#### INFORMATION PROVIDED
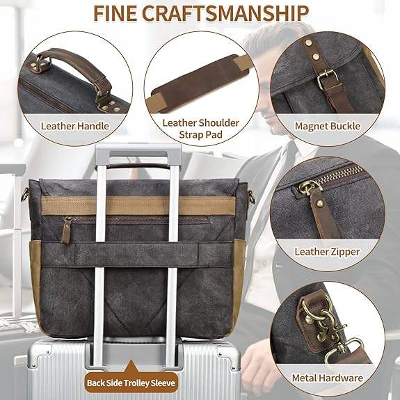 2PCS Mens Messenger Bag 15.6 Inch Genuine Leather Waxed Canvas Computer Laptop Bag Briefcase Satchel Shoulder Bag
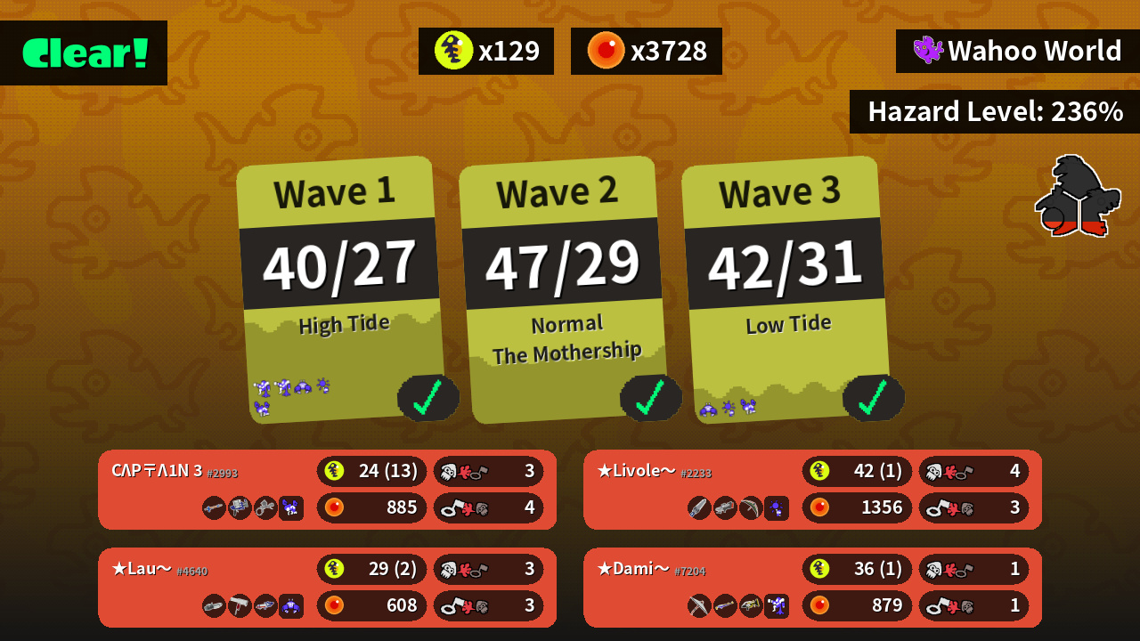 | Weapons | Snipewriter 5H Clash Blaster Aerospray MG | Splatana Stamper S-BLAST '92 Tenta Brella | Recycled Brella 24 Mk I Splat Charger Sploosh-o-matic | Ballpoint Splatling Flingza Roller Splattershot Pro |
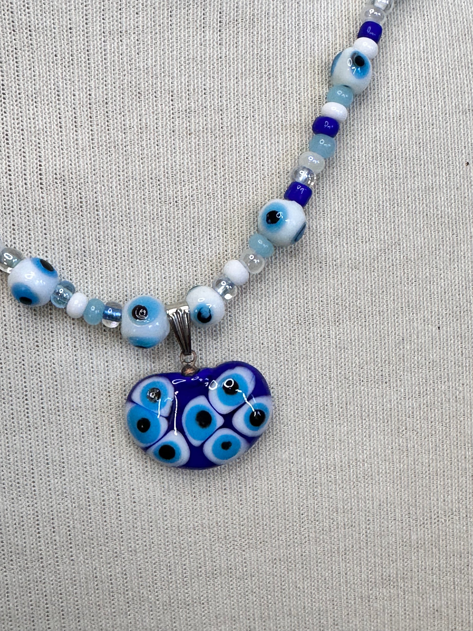 Murano style lampwork glass pendant with Evil Eye strung with various colors of large seed beads and white Evil Eye beads

#### ACTIVITY
Would it be possible to give the material above again exactly, with the pictures left out?

#### RESULT FOR THIS EXERCISE
 2PCS Mens Messenger Bag 15.6 Inch Genuine Leather Waxed Canvas Computer Laptop Bag Briefcase Satchel Shoulder Bag
 | Weapons | Snipewriter 5H Clash Blaster Aerospray MG | Splatana Stamper S-BLAST '92 Tenta Brella | Recycled Brella 24 Mk I Splat Charger Sploosh-o-matic | Ballpoint Splatling Flingza Roller Splattershot Pro |
 Murano style lampwork glass pendant with Evil Eye strung with various colors of large seed beads and white Evil Eye beads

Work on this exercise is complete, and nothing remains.